Once the refresh job is started, the following notification will appear at the top of the page. Click the View Refresh event link to open the Event Details page displaying detailed information about the refresh event.
On the Channel Details page, the refresh job state is displayed on the Jobs pane. To open the Event Details, click the More Options icon of the refresh job and select Go To Event.
The image below displays a sample Event Details page showing the details of a refresh event.
- The top pane displays information about the channel and location(s), for which the refresh event was done, the event state, the job name associated with the event, and the start time of the event.

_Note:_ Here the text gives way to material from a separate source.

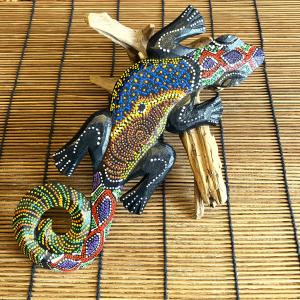 ヤモリ やもり ゲコ 壁掛け 木製 木彫り インドネシア製 縁起がよい 家を守る ドット カラフル アジアン インテリア 壁面装飾 ハワイ 守り神
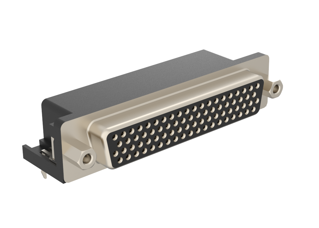 Dsub, Stamped Signal 3A, High Density, Right Angle PCB Through Hole, FP=8.89mm (0.35μin), 78 Socket, Bright Tin Shell, Flash Gold, 4-40 Removable Front Screwlock, Ground Tab with Boardlock

- The middle pane displays additional information related to the options configured in the Refresh Data dialog, such as granularity mode, online refresh options, and other.
- The Results pane displays the refresh statistics for each table involved in the refresh event. The View file link opens the View Diff File dialog that allows to inspect a diff file containing the list of differences detected. Section Analyzing Diff File explains how to view and interpret the contents of the diff file. For detailed description of each parameter in the Results pane, see section Refresh and Compare Results.